Task requirements -> What you should give back is a precise copy of the lines below from the one containing "With the Wrinkle" through the one containing "Vliesové tapety na", with no pictures.

Dataset content ->
────────────────────────────────────────

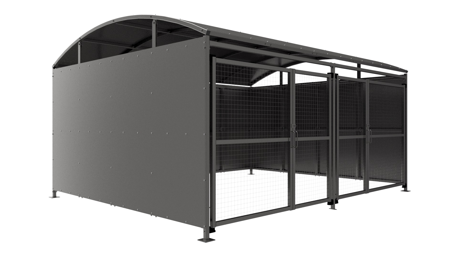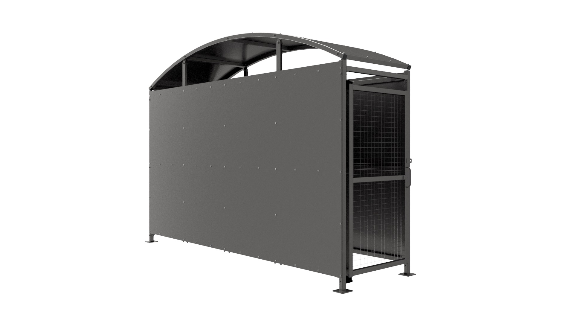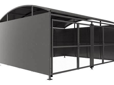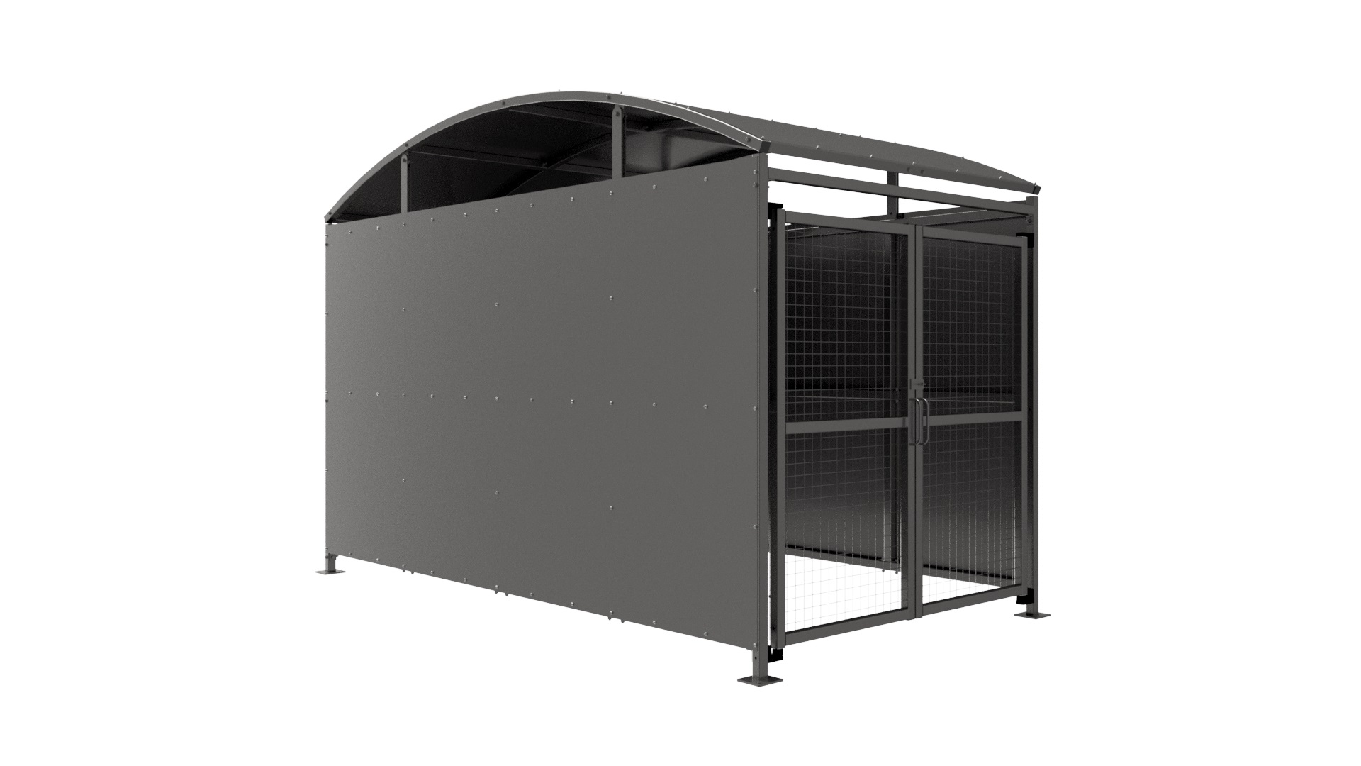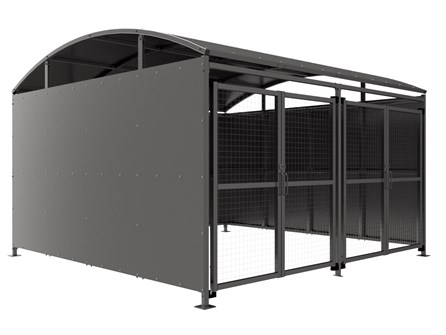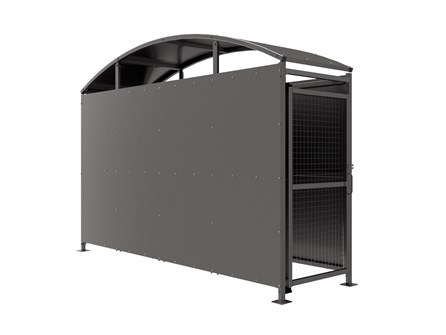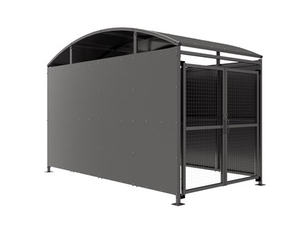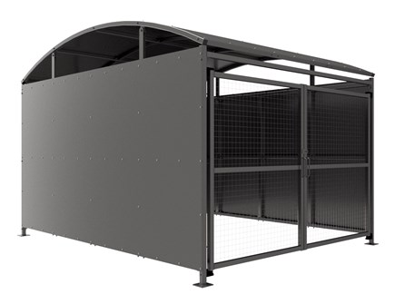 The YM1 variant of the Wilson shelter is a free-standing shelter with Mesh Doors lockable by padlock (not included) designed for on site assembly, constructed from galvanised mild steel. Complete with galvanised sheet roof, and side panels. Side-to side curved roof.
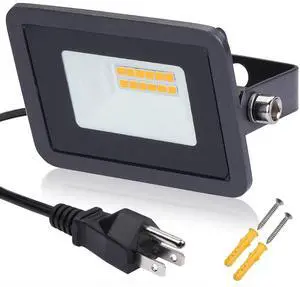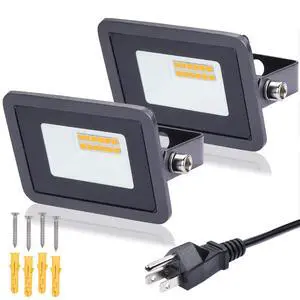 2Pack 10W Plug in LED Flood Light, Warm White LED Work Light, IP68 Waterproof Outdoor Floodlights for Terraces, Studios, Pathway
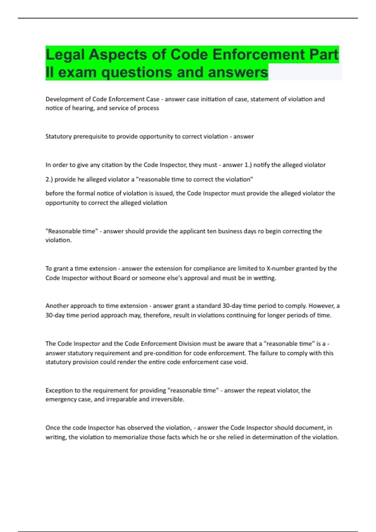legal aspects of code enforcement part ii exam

────────────────────────────────────────

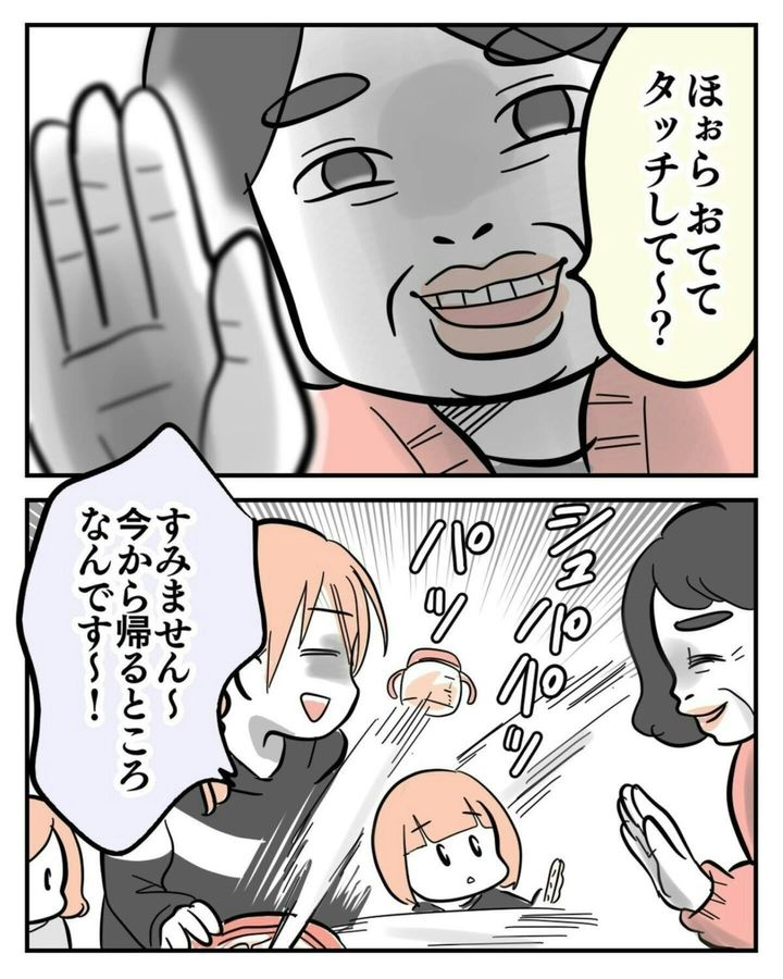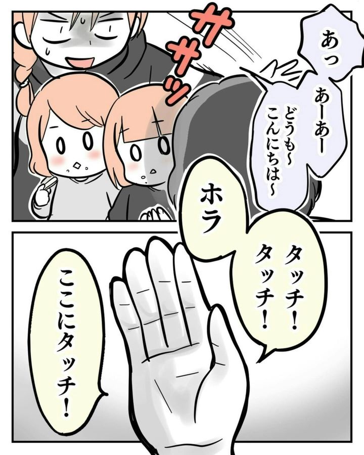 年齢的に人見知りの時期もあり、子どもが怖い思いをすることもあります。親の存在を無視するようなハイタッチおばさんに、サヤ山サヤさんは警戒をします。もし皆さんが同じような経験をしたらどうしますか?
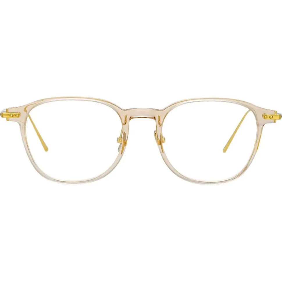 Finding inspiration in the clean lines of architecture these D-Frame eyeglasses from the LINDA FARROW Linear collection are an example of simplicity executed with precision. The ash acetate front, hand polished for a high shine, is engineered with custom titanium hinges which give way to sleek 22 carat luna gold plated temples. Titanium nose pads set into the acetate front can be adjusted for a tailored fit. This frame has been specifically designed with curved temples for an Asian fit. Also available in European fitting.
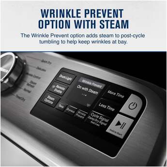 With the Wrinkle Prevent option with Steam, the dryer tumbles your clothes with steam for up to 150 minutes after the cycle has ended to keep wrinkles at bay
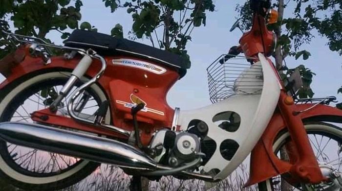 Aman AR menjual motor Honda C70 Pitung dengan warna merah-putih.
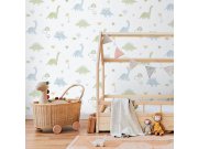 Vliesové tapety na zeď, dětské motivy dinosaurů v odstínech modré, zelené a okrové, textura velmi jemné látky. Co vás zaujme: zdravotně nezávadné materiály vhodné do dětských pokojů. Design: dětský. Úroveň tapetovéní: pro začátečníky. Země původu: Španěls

────────────────────────────────────────

Result of this exercise ->
 With the Wrinkle Prevent option with Steam, the dryer tumbles your clothes with steam for up to 150 minutes after the cycle has ended to keep wrinkles at bay
 Aman AR menjual motor Honda C70 Pitung dengan warna merah-putih.
 Vliesové tapety na zeď, dětské motivy dinosaurů v odstínech modré, zelené a okrové, textura velmi jemné látky. Co vás zaujme: zdravotně nezávadné materiály vhodné do dětských pokojů. Design: dětský. Úroveň tapetovéní: pro začátečníky. Země původu: Španěls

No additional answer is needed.